- [EXERCISE DESCRIPTION]:
Once you find the line with "A number of" in the data below, transcribe exactly each line from there to the line with "Song Hongjun helps", inclusive, and nothing else. Drop the pictures.

- [RECORDS FOR THIS EXERCISE]:

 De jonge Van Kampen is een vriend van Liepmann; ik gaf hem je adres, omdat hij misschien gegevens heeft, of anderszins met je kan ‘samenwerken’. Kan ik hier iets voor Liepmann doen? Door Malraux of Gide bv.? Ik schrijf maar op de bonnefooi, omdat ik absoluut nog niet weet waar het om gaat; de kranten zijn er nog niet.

---

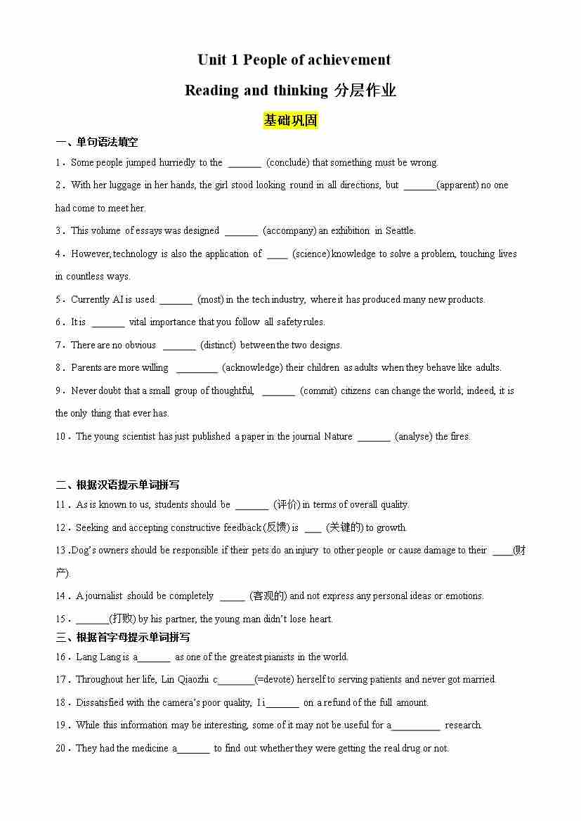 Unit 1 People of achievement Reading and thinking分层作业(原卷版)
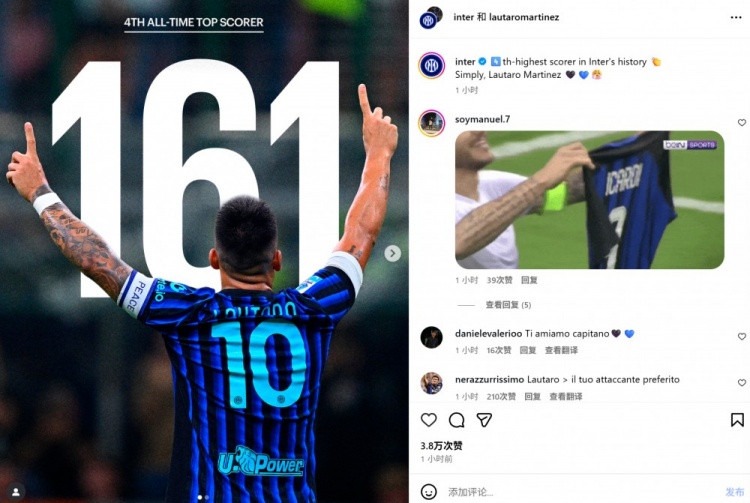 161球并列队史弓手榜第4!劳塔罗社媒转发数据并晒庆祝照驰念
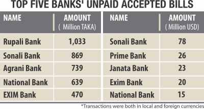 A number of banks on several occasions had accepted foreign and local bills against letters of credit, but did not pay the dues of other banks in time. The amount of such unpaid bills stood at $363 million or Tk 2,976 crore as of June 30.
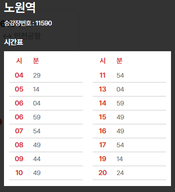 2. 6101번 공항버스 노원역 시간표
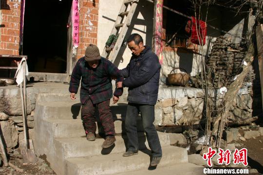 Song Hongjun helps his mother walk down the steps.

- [ANSWER BOX]:
 A number of banks on several occasions had accepted foreign and local bills against letters of credit, but did not pay the dues of other banks in time. The amount of such unpaid bills stood at $363 million or Tk 2,976 crore as of June 30.
 2. 6101번 공항버스 노원역 시간표
 Song Hongjun helps his mother walk down the steps.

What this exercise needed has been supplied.